* Records provided *
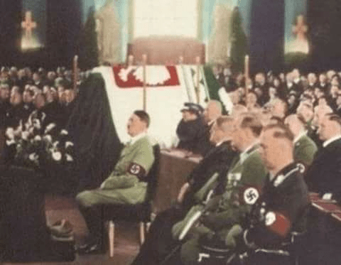 Na zdjęciu: Hitler podczas honorowych uroczystości żałobnych po śmierci Józefa Piłsudskiego, które odbyły się w Berlinie przy symbolicznej trumnie. fot. „Morze” 1935, nr 6, s. 16.
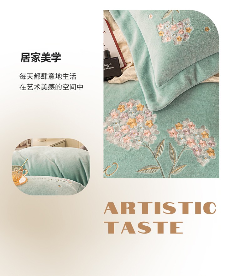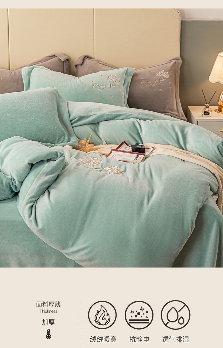 名品优仓 2022新款刺绣牛奶绒200克四件套-绣花球 天蓝
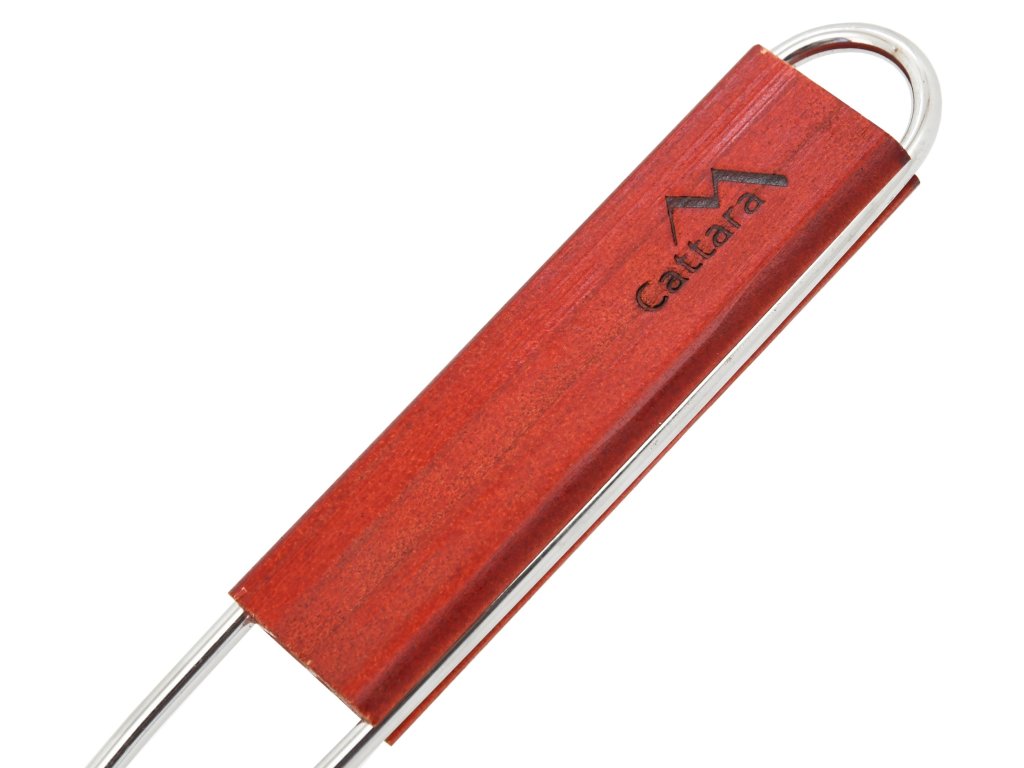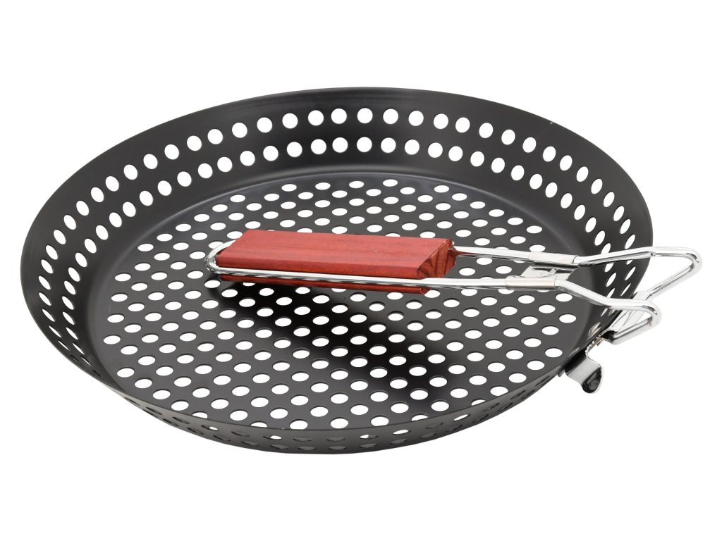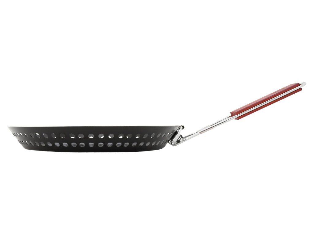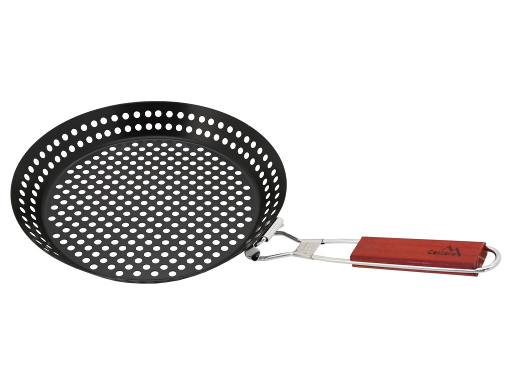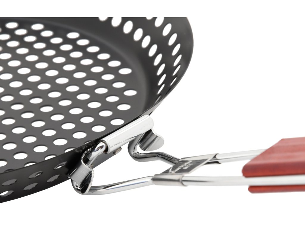 Pánev lze snadno přenášet, zejména díky sklápěcí rukojeti. Rukojeť je vyrobena z nerezové oceli, v úchopové části doplněné dřevěným obložením pro pohodlnější úchop.
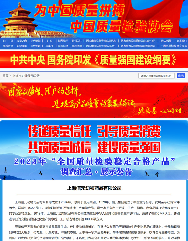 信元集團深知品質是企業生存的命脈與基石,產品質量安全是企業發展的第一要務。因此自成立至今始終堅守對品質的極致追求,堅持以制藥的嚴謹精神生產寵物產品,通過完善的品質管控體系和嚴格的檢測體系把控產品質量,為寵物提供全方位的健康養護。
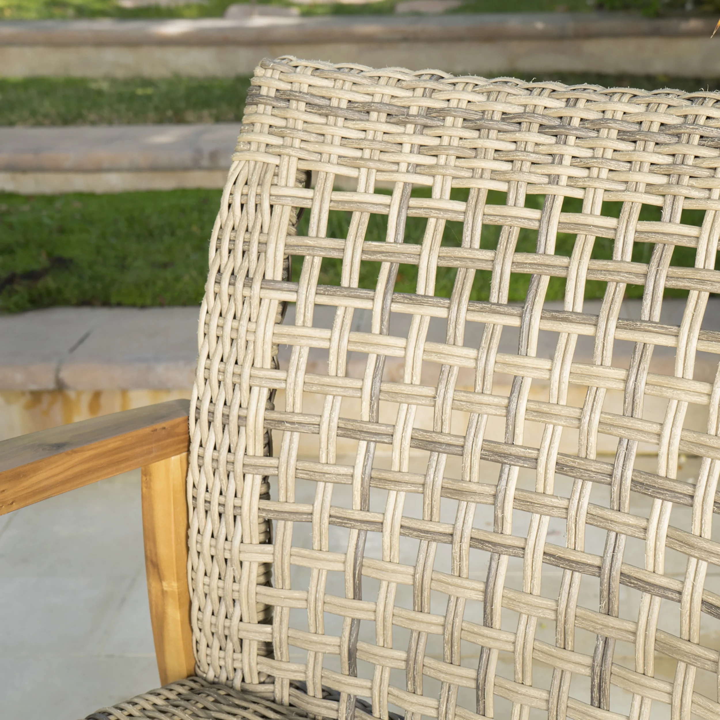 Noble House Outdoor Mid Century Club Chairs with Natural Stained Acacia Wood Frame, Grey (Set of 2) Includes: Two (2) Club Chairs Material: Polyethylene Wicker for durability and weather resistance Frame Material: Sturdy Acacia Wood for a natural look Chair Seat Frame Material: Iron for added strength Wicker Finish: Elegant Grey to complement outdoor settings
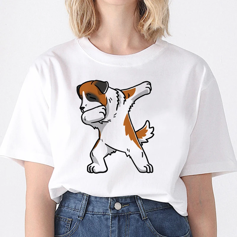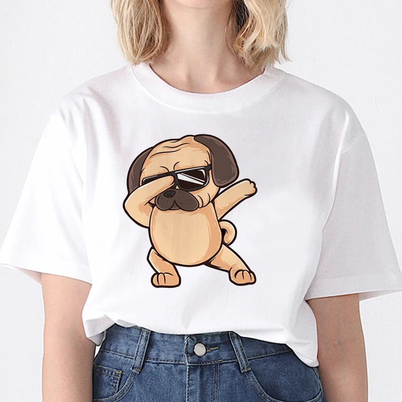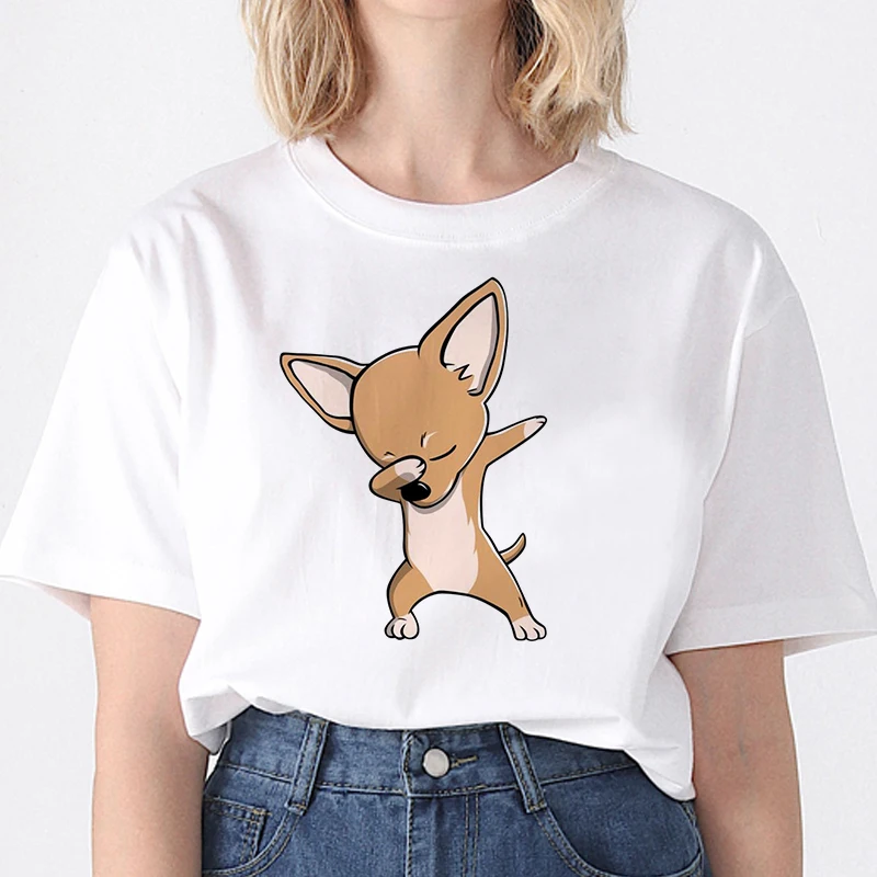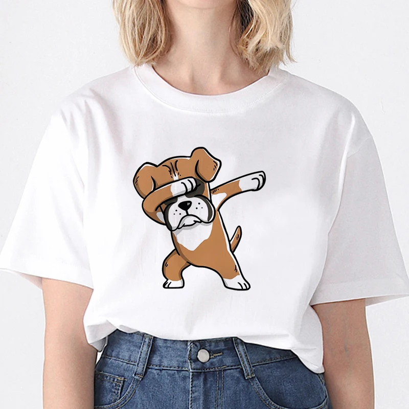 Женские футболки с коротким рукавом с принтом танцующей собаки модные 90s повседневные футболки с круглым вырезом Женская одежда Harajuku футболки
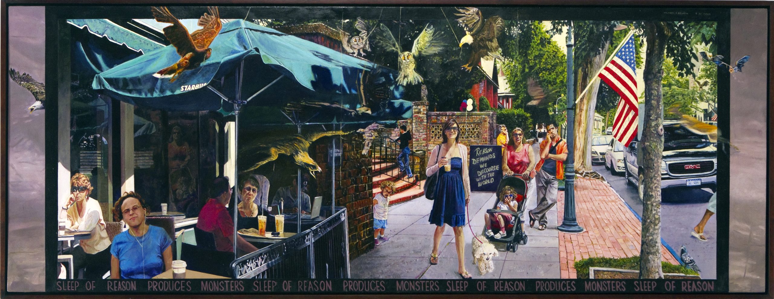 After Goya: Sleep of Reason Produces Monsters Sleep of Reason Produces Monsters: This painting requires a little history. In 1797, Goya began a series of prints, Capriccios, in which he was critical of Spanish culture, avarice, greed, and the political climate that fostered it. Goya believed reason was asleep, and Fenton believes we too are asleep. Many of us are so involved in our little worlds that we fail to see all the problems that are descending upon us en masse. We are not talking to our enemies while conducting war and producing still more enemies; we are giving our freewheeling, well-greased economic machine a blind eye and a blank check; our powerhouse auto industry is producing energy-inefficient cars that are increasingly unwanted; we are damaging our environment by ignoring global warming; and we are ignoring the needs of the medically uninsured, contributing to skyrocketing medical costs. All the while, North Korea is building and testing nuclear weapons, and Iran is doing the same and threatening Israel. In Fenton’s painting, most of the figures are self-absorbed in their own world, with the exception of the little girl (Fenton’s granddaughter Leila), who is peeping around the corner. The little girl is in the process of expanding her world, and her image suggests that hope is around the corner when the predator birds are descending. Her awareness is the inspiration for this painting and our hope around the corner as well. Description
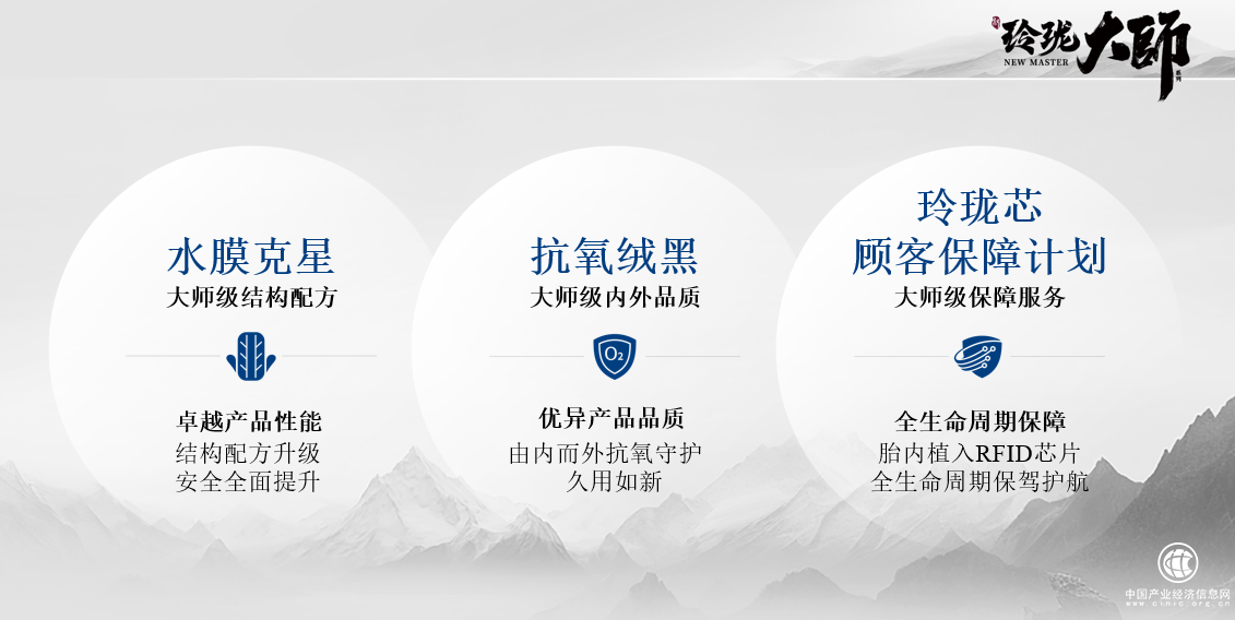 此次发布的新品以大师致控、大师致静、大师致享为产品矩阵,是面向中高端轮胎车主、兼具高性能与高品质的轮胎产品,全系通配水膜克星、抗氧绒黑、玲珑芯顾客保障计划三大提升,为用户提供极致安驾守护。
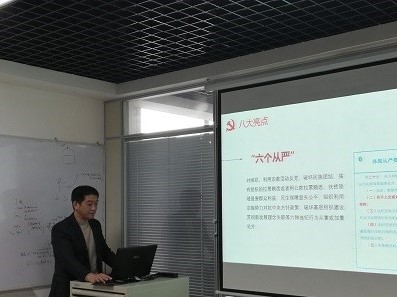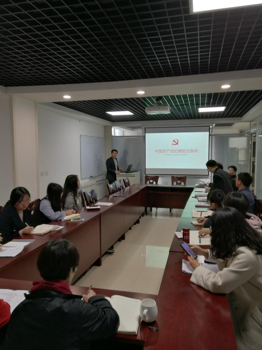 4层党员活动室,刘树文同志为葡萄酒学党支部全体党员讲解了《中国共产党纪律处分条例》,党课内容丰富、生动详实。

* Assignment *
Using the material above, transcribe exactly the lines from the one holding "Pánev lze snadno" to the one holding "信元集團深知品質是企業生存的", both ends kept. Do not carry over any pictures.

* Written answer *
 Pánev lze snadno přenášet, zejména díky sklápěcí rukojeti. Rukojeť je vyrobena z nerezové oceli, v úchopové části doplněné dřevěným obložením pro pohodlnější úchop.
 信元集團深知品質是企業生存的命脈與基石,產品質量安全是企業發展的第一要務。因此自成立至今始終堅守對品質的極致追求,堅持以制藥的嚴謹精神生產寵物產品,通過完善的品質管控體系和嚴格的檢測體系把控產品質量,為寵物提供全方位的健康養護。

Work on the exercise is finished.